→ **WHAT TO DO**: Reproduce the listing in full, pictures excluded.

→ **GIVEN MATERIAL**:

BEGIN

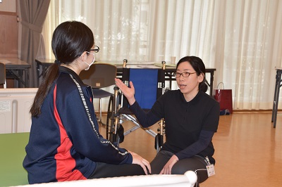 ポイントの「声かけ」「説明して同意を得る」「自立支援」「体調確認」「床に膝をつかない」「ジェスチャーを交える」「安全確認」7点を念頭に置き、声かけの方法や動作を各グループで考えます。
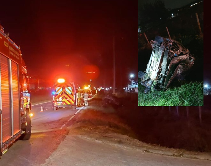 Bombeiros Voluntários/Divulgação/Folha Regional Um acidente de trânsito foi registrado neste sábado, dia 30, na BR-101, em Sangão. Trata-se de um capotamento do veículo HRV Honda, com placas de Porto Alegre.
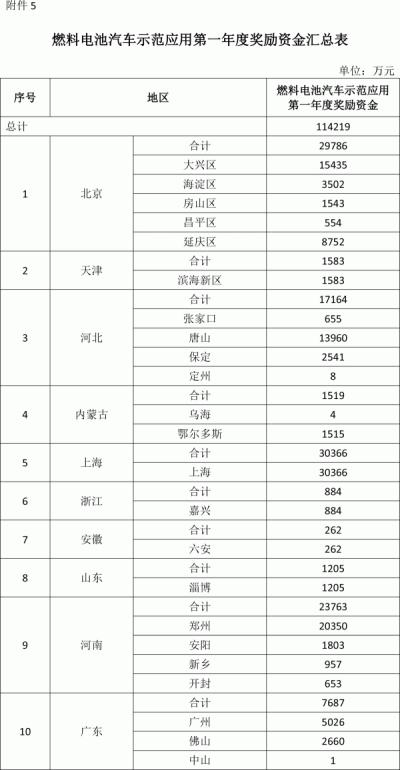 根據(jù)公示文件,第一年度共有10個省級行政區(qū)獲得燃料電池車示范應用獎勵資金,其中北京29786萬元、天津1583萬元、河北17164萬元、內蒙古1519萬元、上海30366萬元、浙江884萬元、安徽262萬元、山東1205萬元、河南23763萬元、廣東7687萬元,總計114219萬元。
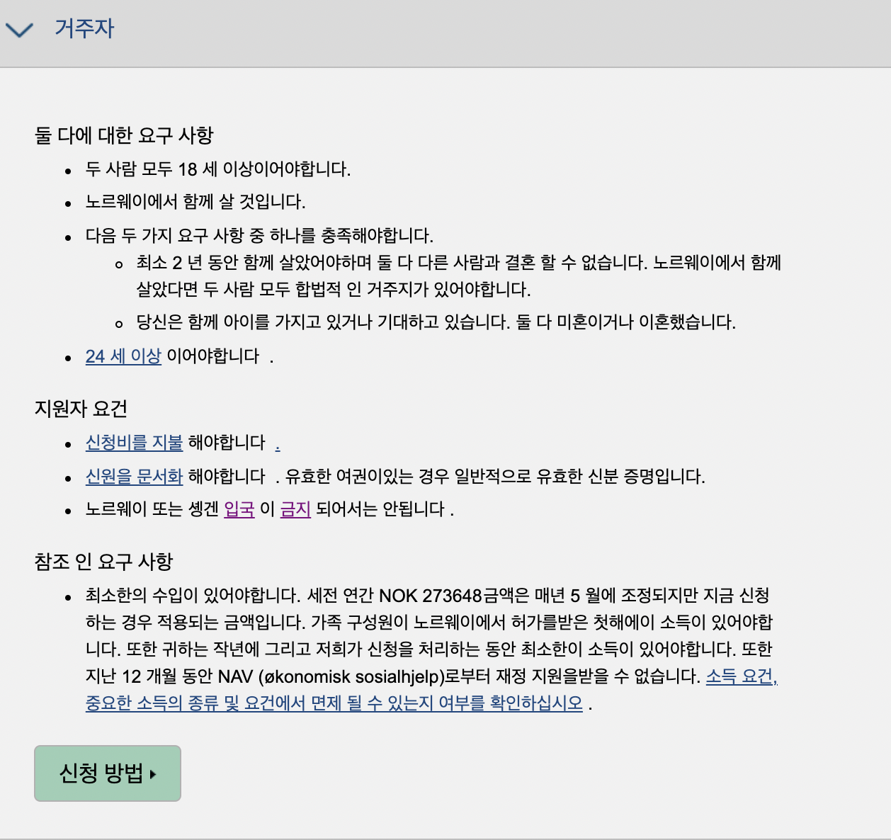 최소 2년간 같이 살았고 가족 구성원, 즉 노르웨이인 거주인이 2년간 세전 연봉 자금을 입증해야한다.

END

→ **RESULT FOR THIS EXERCISE**:
 ポイントの「声かけ」「説明して同意を得る」「自立支援」「体調確認」「床に膝をつかない」「ジェスチャーを交える」「安全確認」7点を念頭に置き、声かけの方法や動作を各グループで考えます。
 Bombeiros Voluntários/Divulgação/Folha Regional Um acidente de trânsito foi registrado neste sábado, dia 30, na BR-101, em Sangão. Trata-se de um capotamento do veículo HRV Honda, com placas de Porto Alegre.
 根據(jù)公示文件,第一年度共有10個省級行政區(qū)獲得燃料電池車示范應用獎勵資金,其中北京29786萬元、天津1583萬元、河北17164萬元、內蒙古1519萬元、上海30366萬元、浙江884萬元、安徽262萬元、山東1205萬元、河南23763萬元、廣東7687萬元,總計114219萬元。
 최소 2년간 같이 살았고 가족 구성원, 즉 노르웨이인 거주인이 2년간 세전 연봉 자금을 입증해야한다.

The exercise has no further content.